TRA6 | Reimagining Biodiversity Governance through Relational and Constitutive Values
Reimagining Biodiversity Governance through Relational and Constitutive Values
Convener: Hiroe Ishihara | Co-conveners: Mayumi Fukunaga, Chiho Ochiai

Achieving transformative change in biodiversity governance requires more than new tools—it demands a fundamental rethinking of how we value and relate to nature. This session examines how relational and constitutive values can inform more inclusive, pluralistic, and just governance. Building on the IPBES Values Assessment, which positioned relational values alongside intrinsic and instrumental values, we extend the conversation by introducing constitutive values—focusing on how valuations emerge over time through cultural practices, social interactions, and institutions. This shifts attention from the content of values to the processes that generate, sustain, and transform them, including how certain values come to dominate or decline.

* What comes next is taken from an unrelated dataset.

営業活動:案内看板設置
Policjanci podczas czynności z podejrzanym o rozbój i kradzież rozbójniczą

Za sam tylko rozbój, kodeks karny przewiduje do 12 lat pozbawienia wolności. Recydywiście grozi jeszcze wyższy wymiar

Recognising these social and historical dynamics helps identify leverage points for change and engage with Indigenous and local knowledge systems—not only as sources of alternative values, but as reflections of distinct ontologies and governance logics. By foregrounding culturally embedded and historically situated modes of valuation, constitutive values illuminate context-sensitive, power-aware pathways for reconnecting people and nature.

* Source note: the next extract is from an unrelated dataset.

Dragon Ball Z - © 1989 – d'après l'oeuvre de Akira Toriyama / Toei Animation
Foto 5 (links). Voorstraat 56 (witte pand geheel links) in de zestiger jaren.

The session invites presentations that explore: (1) how relational and constitutive values are produced, reproduced, or contested; (2) how tensions among values are negotiated in governance; (3) how socio-ecological change affects their durability or transformation; and (4) conceptual and methodological innovations for making these values actionable. Together, we aim to advance understanding of how culturally embedded values shape governance and to explore transformative pathways for navigating value pluralism.